*DATA SUPPLIED*:

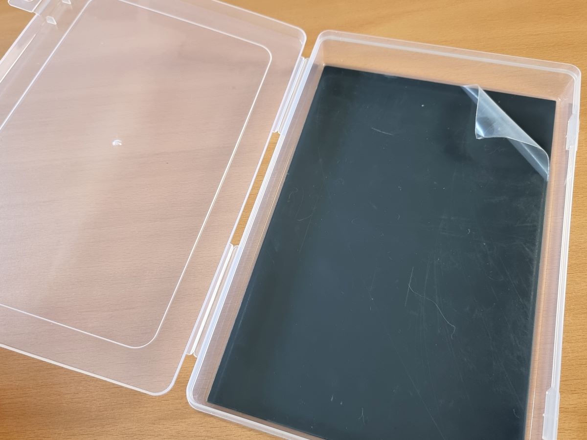 Kunststoff Magnetbox - transparent groß+flach mit dunkelgrauer Platte
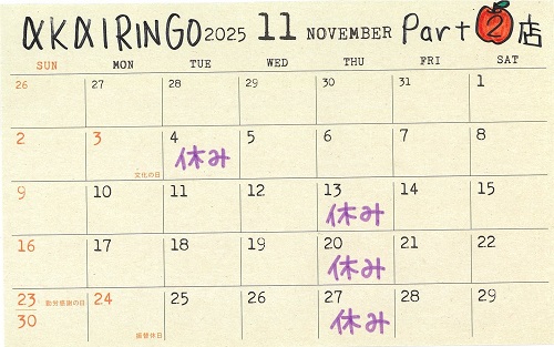 AKAI RINGO パートⅡ2025年11月3日 ショップニュース
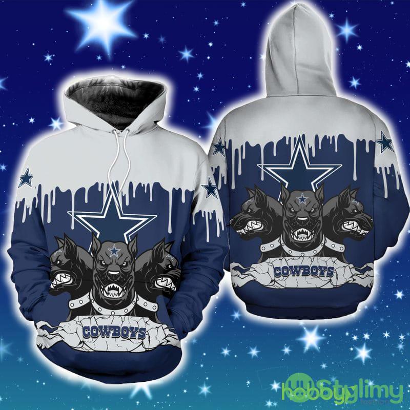 Perfect design for holiday. Get yours this shirt or this is a cute item for your daddy, gift for your mom, and gift for friends on any occasion. buy a cute Dallas Cowboys 3 Heads Cerberus Hoodie Zip Hoodie Christmas Fans All Over Printed Gift For Men And Women now.
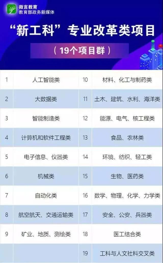 教育部“新工科”专业群:如材料、化工与制药类,食品、农林类,生物、医药类,医工结合类;
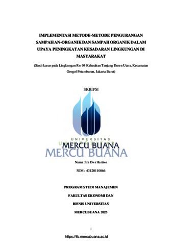 HERTIWI, IRA DWI (2025) IMPLEMENTASI METODE-METODE PENGURANGAN SAMPAH AN-ORGANIK DAN SAMPAH ORGANIK DALAM UPAYA PENINGKATAN KESADARAN LINGKUNGAN DI MASYARAKAT (Studi kasus pada Lingkungan Rw 04 Kelurahan Tanjung Duren Utara, Kecamatan Grogol Petamburan, Jakarta Barat). S1 thesis, Universitas Mercu Buana Jakarta.
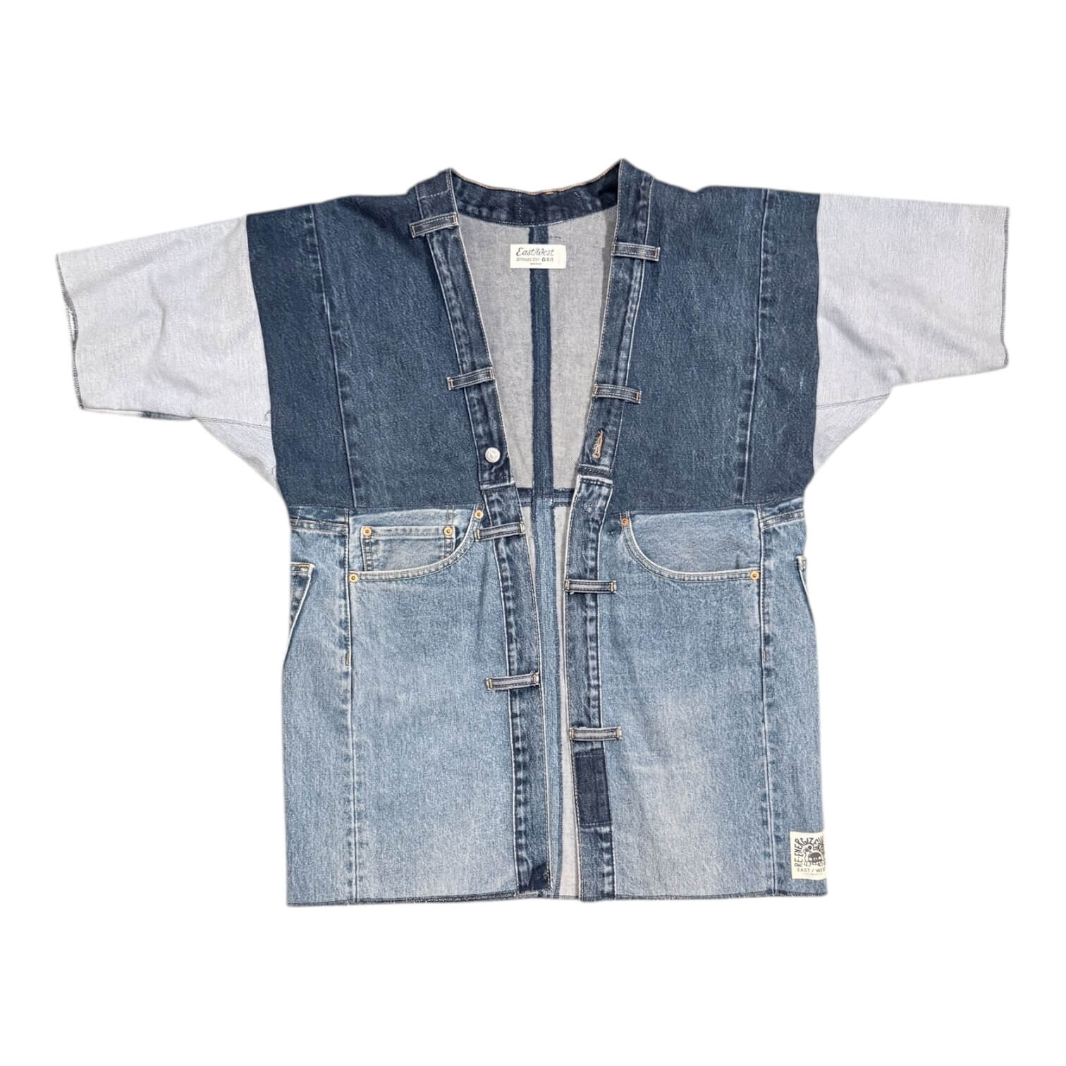Our original re-purposed jacket that we've been making in different versions for over 7 years now... This piece is constructed from 3-4 pairs of oversized, thrashed and unwearable vintage Jeans. Each piece of denim is carefully deconstructed and hand cut. These jackets are full of all sorts of love.
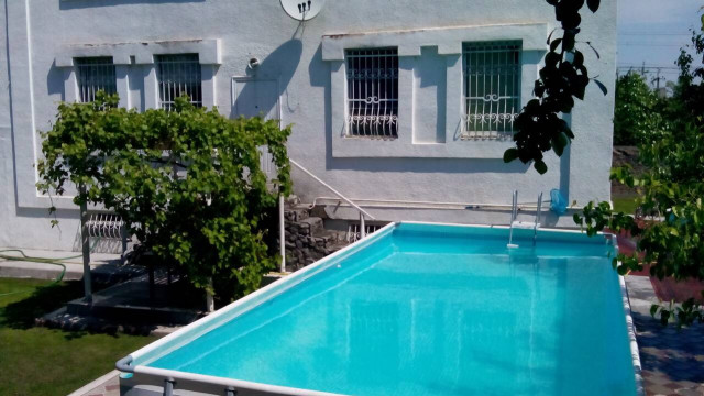 Благоустроенная территория с бассейном( каркасный 3.5м х 7 м) и джакузи.
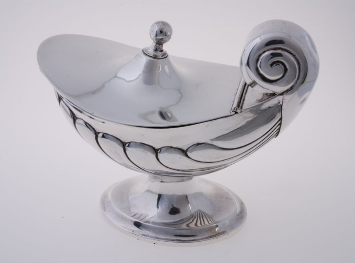 Zilveren kandijbak op pootjes met deksel
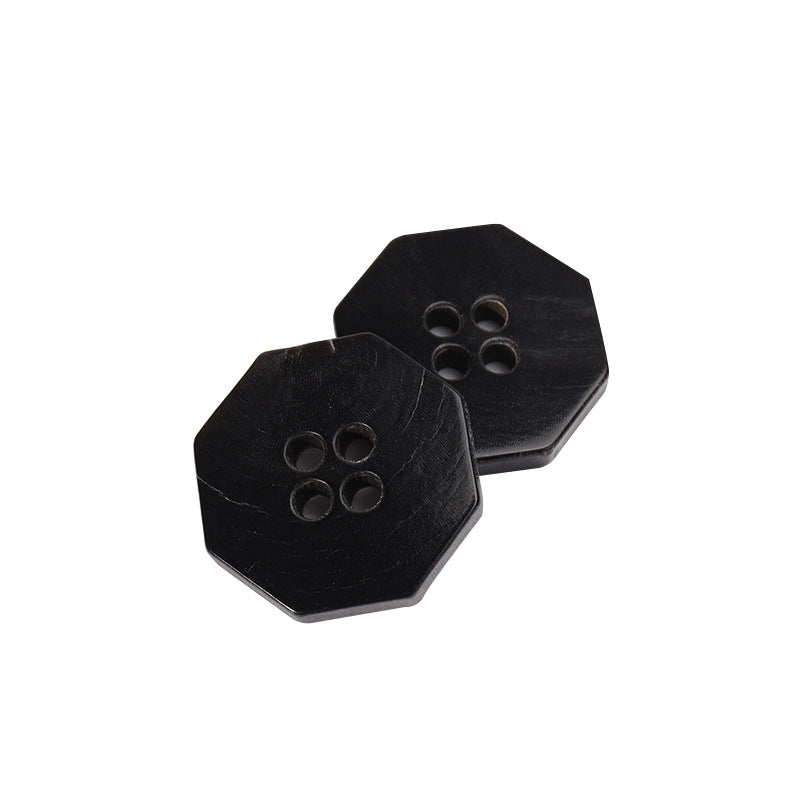 20mm Octagonal Four-Hole Black Horn Buttons 12PCS
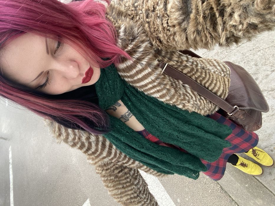 An individual is depicted in a high-angle, downward-looking shot, standing on grey pavement with a partial white line marking, characteristic of a street or pedestrian area in Ulcinj - Ulqin, Montenegro. The subject is a female with long, multi-toned hair, predominantly bright pink and magenta, with darker roots visible. She has dark eyeliner and deep red lipstick. Her attire includes a brown and tan striped faux fur coat, an emerald green knitted scarf with a subtle shimmer, a red and navy plaid garment, black tights, and bright yellow lace-up shoes. A dark brown leather shoulder bag with a silver-colored buckle is worn over her right shoulder. A tattoo consisting of script or lettering is visible on her upper chest/décolletage, partially covered by the scarf. The individual's eyes are cast downward.
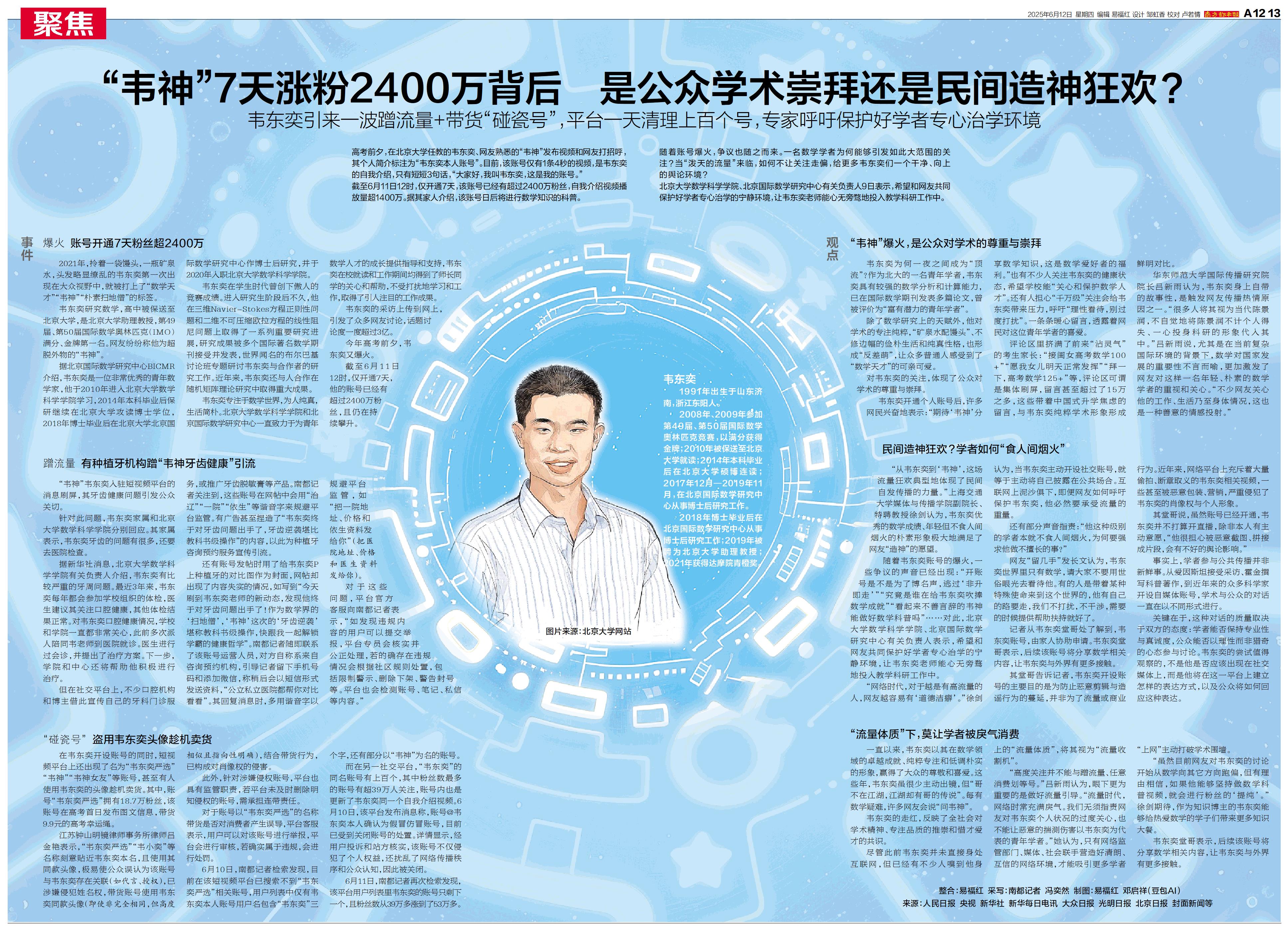 随着账号爆火,争议也随之而来。一名数学学者为何能够引发如此大范围的关注?当“泼天的流量”来临,如何不让关注走偏,给更多韦东奕们一个干净、向上的舆论环境?
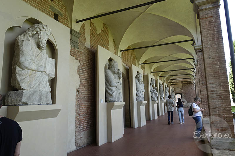 Antes de continuar con el recorrido por las siguientes salas, decidimos salir al antiguo claustro que pertenecía al seminario. Este espacio, con su majestuosa arcada en forma de L, no solo regala una hermosa perspectiva de la Torre de Pisa, sino que también alberga esculturas procedentes de la parte superior del baptisterio, algunas ya vistas al inicio de la visita. En lugar de pequeñas figuras, aquí aparecen bustos de gran tamaño, representados desde la cintura hacia abajo, que en su origen estaban pensados para decorar los arcos bajo el frontón gótico. Aunque el paso del tiempo ha deteriorado estas piezas, todavía reflejan la audacia y creatividad del joven Giovanni Pisano, quien las concibió para ser admiradas desde abajo y a lo lejos.
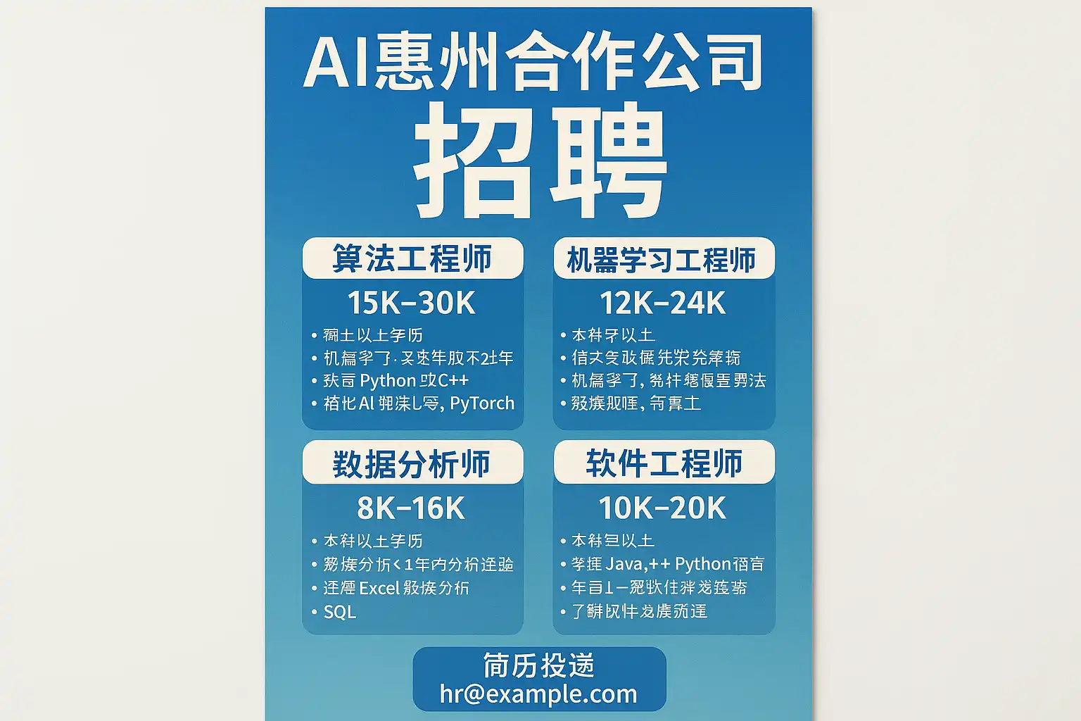- 校园招聘会与行业展会:定期参加惠州本地高校及AI产业园区组织的招聘洽谈会,现场获取职位信息。
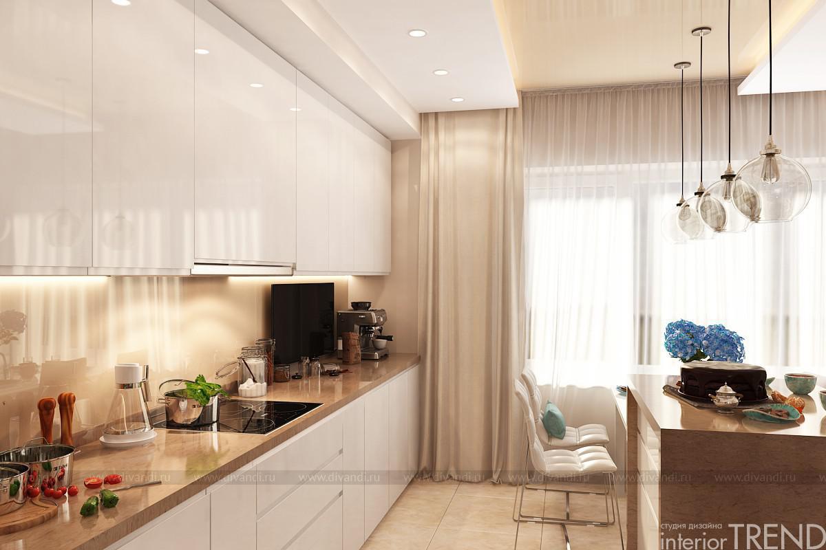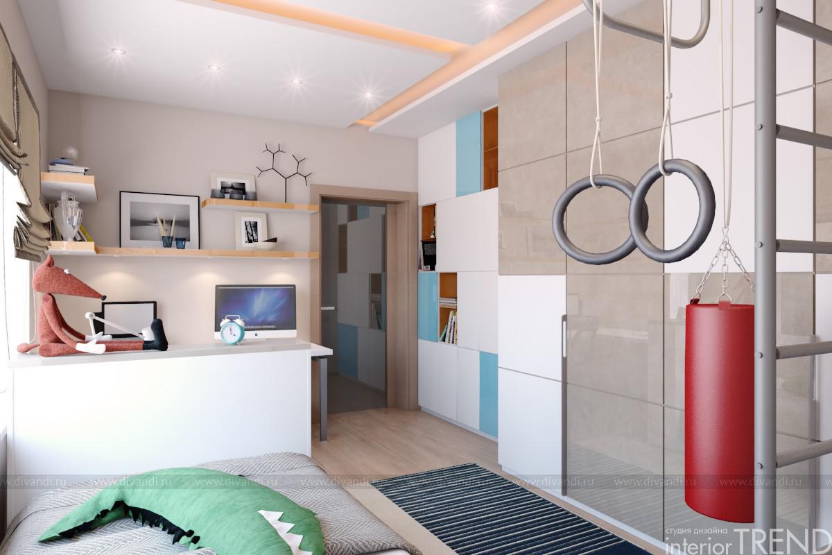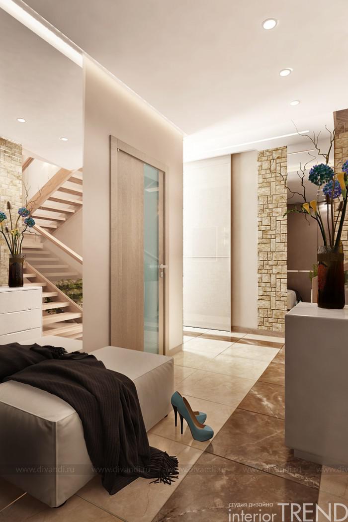 Дизайн интерьера выполнен в современном стиле, при разработке придерживались простого лаконичного дизайна, доступных и недорогих материалов в отделке.

*WORK TO BE COMPLETED*:
In the data above, find the line containing "Perfect design for" and the line containing "随着账号爆火,争议也随之而来". Copy exactly the stretch from the first through the second, both included, leaving out any picture.

*REPLY*:
 Perfect design for holiday. Get yours this shirt or this is a cute item for your daddy, gift for your mom, and gift for friends on any occasion. buy a cute Dallas Cowboys 3 Heads Cerberus Hoodie Zip Hoodie Christmas Fans All Over Printed Gift For Men And Women now.
 教育部“新工科”专业群:如材料、化工与制药类,食品、农林类,生物、医药类,医工结合类;
 HERTIWI, IRA DWI (2025) IMPLEMENTASI METODE-METODE PENGURANGAN SAMPAH AN-ORGANIK DAN SAMPAH ORGANIK DALAM UPAYA PENINGKATAN KESADARAN LINGKUNGAN DI MASYARAKAT (Studi kasus pada Lingkungan Rw 04 Kelurahan Tanjung Duren Utara, Kecamatan Grogol Petamburan, Jakarta Barat). S1 thesis, Universitas Mercu Buana Jakarta.
Our original re-purposed jacket that we've been making in different versions for over 7 years now... This piece is constructed from 3-4 pairs of oversized, thrashed and unwearable vintage Jeans. Each piece of denim is carefully deconstructed and hand cut. These jackets are full of all sorts of love.
 Благоустроенная территория с бассейном( каркасный 3.5м х 7 м) и джакузи.
 Zilveren kandijbak op pootjes met deksel
 20mm Octagonal Four-Hole Black Horn Buttons 12PCS
 An individual is depicted in a high-angle, downward-looking shot, standing on grey pavement with a partial white line marking, characteristic of a street or pedestrian area in Ulcinj - Ulqin, Montenegro. The subject is a female with long, multi-toned hair, predominantly bright pink and magenta, with darker roots visible. She has dark eyeliner and deep red lipstick. Her attire includes a brown and tan striped faux fur coat, an emerald green knitted scarf with a subtle shimmer, a red and navy plaid garment, black tights, and bright yellow lace-up shoes. A dark brown leather shoulder bag with a silver-colored buckle is worn over her right shoulder. A tattoo consisting of script or lettering is visible on her upper chest/décolletage, partially covered by the scarf. The individual's eyes are cast downward.
 随着账号爆火,争议也随之而来。一名数学学者为何能够引发如此大范围的关注?当“泼天的流量”来临,如何不让关注走偏,给更多韦东奕们一个干净、向上的舆论环境?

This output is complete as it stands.